No can. no matter what the internal design is will work unless it nears 1 qt of internal volume to allow the speed of the flow, or velocity to slow enough to prevent the Bernoulli effect from pulling much of the liquid through.

Here is a good read:

There is always debate about catchcans and effectiveness. We, for several years have had a challenge out to any brand catach-can to demonstrate there is no equal to the effectiveness of the RX system, and get plenty of flak from some on this. Our challenge has been, and continues to be as follows:

Install the RX can inline AFTER any other can, no matter the brand or model, especially the popular ones like Moroso, Billet prototypes (any of the dozens branded different but the same design) JLT, etc. and the RX can will catch as much or more, than any of these other "Placebo" cans.   All cans catch oil, that is not in debate. What is the concern is if your only trapping a small amount, and most of the oil most is still traveling right through any can and still being ingested into your intake air charge, your not correcting the issues related to oil ingestion. So, since we have done the tests ourselves on dozens of popular cans, it is hard for a consumer to see this as accurate and unbiased (the Elite E2 has turned out to be a close second and performs excellent) we have extended this challenge to anyone that will demonstrate they will do an unbiased test for 1000-2000 miles and document all in detail starting with both cleaned and oil free, and also at the end of the test are free to do it in reverse order (RX first, any can after) and I stress again, un-biased with no relationship with any of the vendors, post up the results in an accurate manor. We are looking for some here as well to do this on the CTS-V, and any other model/engine.

This is to wade through the hype and BS.....this is an open challenge ongoing.
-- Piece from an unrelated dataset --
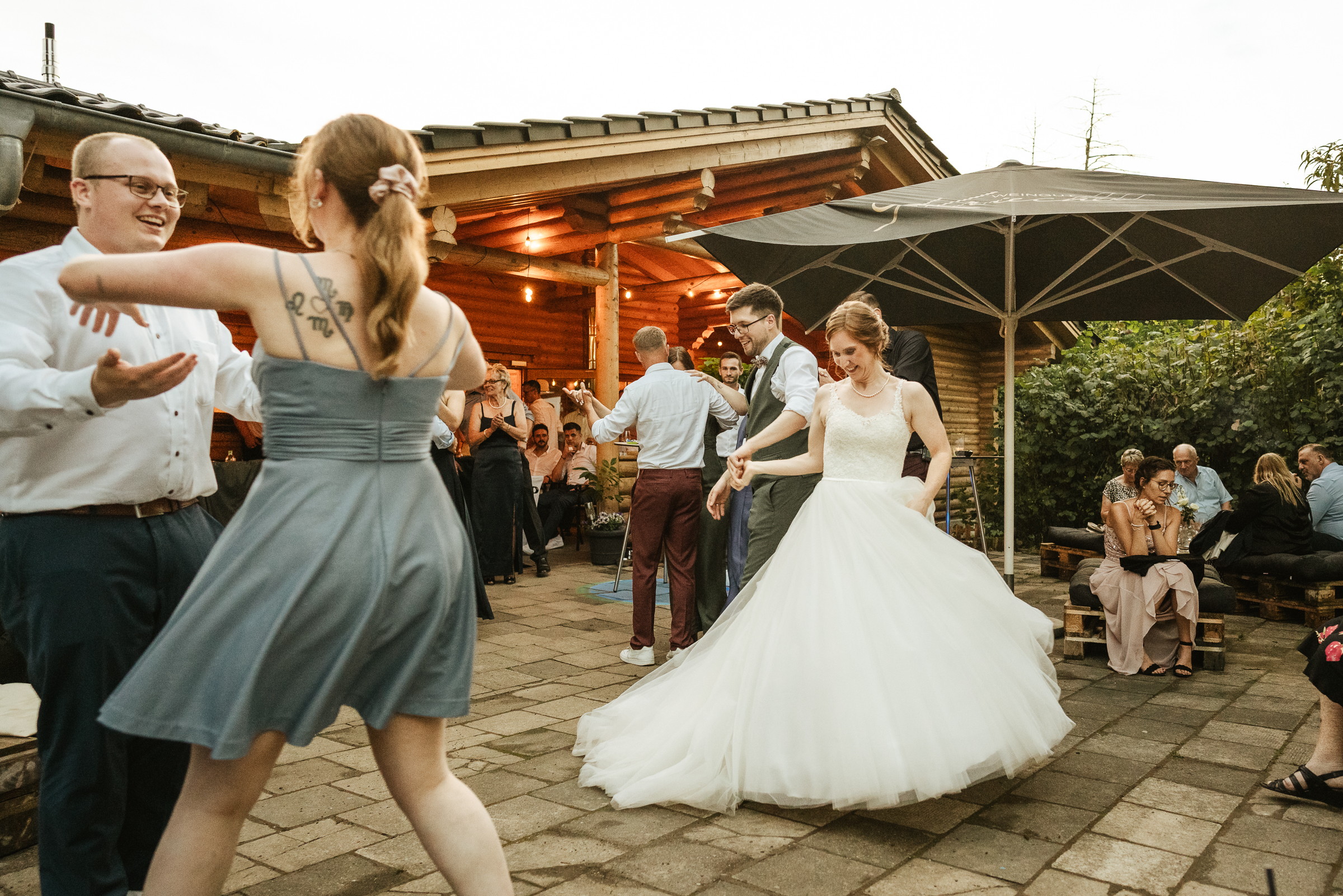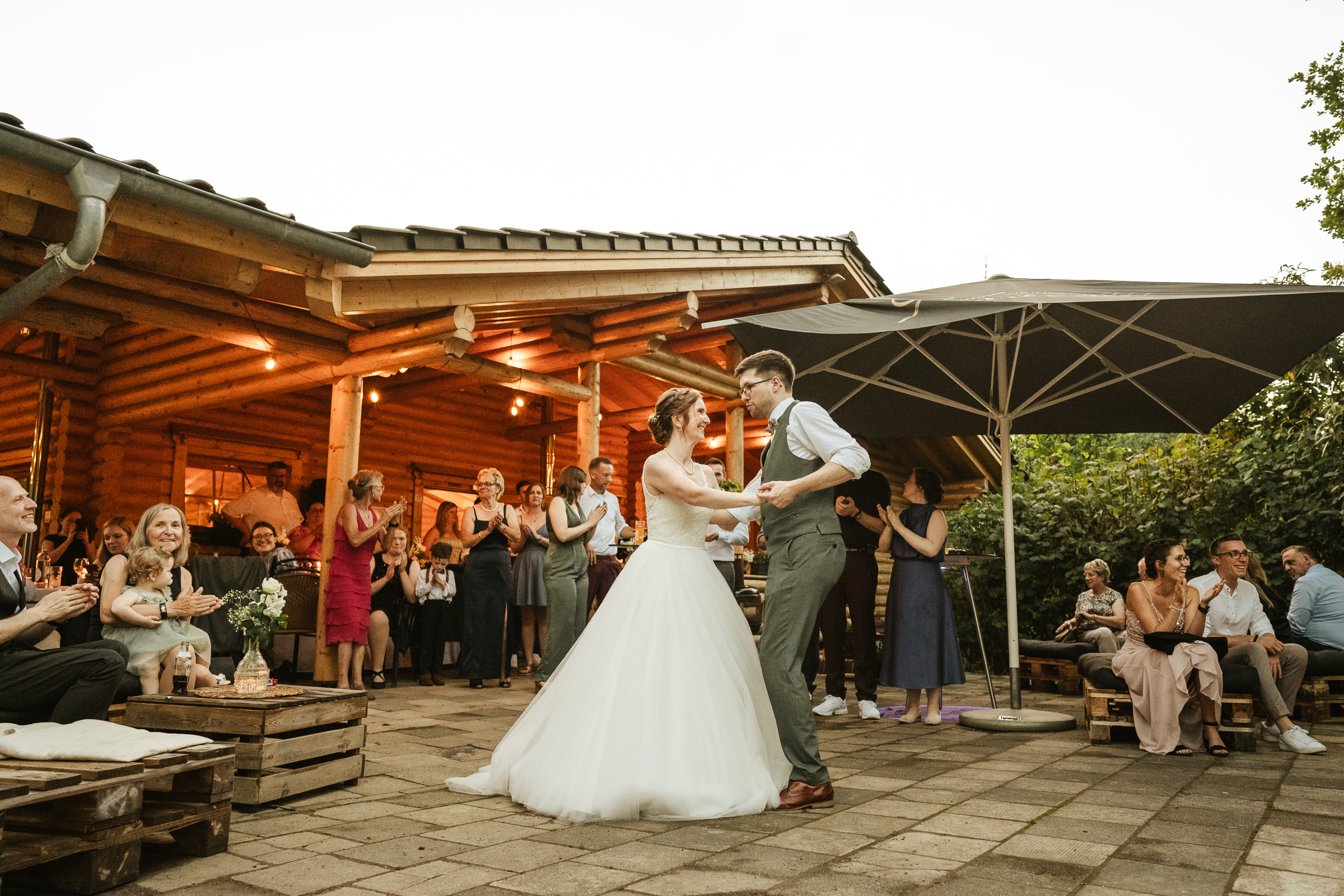 Gefeiert wurde anschließend auf der Cäciliahütte nahe dem Feltenturm. Hoch oben auf dem Mühlenberg bietet sich eine beeindruckende Aussicht über Sinzig und das angrenzende Rheintal – eine traumhafte Kulisse für eine ausgelassene Hochzeitsfeier.

Here is the most recent result:


I've had a UPR catch can on my 5.0 since last summer. It catches a lot, especially in the cold months. But I'll get right to my test. I added an RX can inline after my UPR can to see if the UPR was missing anything. And if it was allowing some to pass through, was it enough for the RX to catch anything? I don't drive a lot of miles regularly since my F150 is not a daily driver, so my results will take some time. This thread is to document how I set it up and what I catch over time.
I installed the RX can just as the directions explained, but I routed the hoses differently. I left my UPR can right where it's been for months, but rerouted one hose. I left the hose from the passenger side of the engine to the inlet of the UPR can. Then a new hose from UPR can outlet, routed to the inlet of the RX can. The RX outlet hose goes back to the engine. The PCV exhaust now flows from the engine, through the UPR, then through the RX, and finally back up to the engine intake.
Before installing everything for the test, I cleaned the UPR can thoroughly. The bottom of the can (inside) was covered with a thin layer of stiff sludge that I could only clean out using gas. I'm glad that was caught, along with the ounces of oil, water, etc, over the months I've been emptying it. But I was surprised at the outlet hose from the UPR can. It was wet with oil. Obviously some was getting through the can and back to my intake. I've never let the can get close to half full before emptying it. Nearly every time I've emptied it, there was 1/4" or less in the bottom. I'm noting this in case someone thinks I left the UPR get overfilled and it flowed through. Nevertheless, I started this test after cleaning everything for a fresh start.
I plan to leave this setup on for a thousand miles or so, and report my findings from each can.
1st picture: UPR can as it was originally installed.
2nd: CleanUPR can.
3rd: RX can installed. The hose in the top center of the can is the inlet. The outlet hose on the right has a check valve.
4th: Engine outlet to UPR inlet on left of can. UPR outlet on right side of can routed around (smaller hose) to the RX inlet. You can also see the other smaller hose coming back up from the RX can and ending at the intake on the engine.



And the 1000 mile result:

1000 Miles of Testing Results

- The Weather has been warmer lately. So the test began with sub freezing temperatures, and gradually increased through the 70's and topped off in the mid 80's yesterday. I couldn't have asked for a better range of temperatures for this test.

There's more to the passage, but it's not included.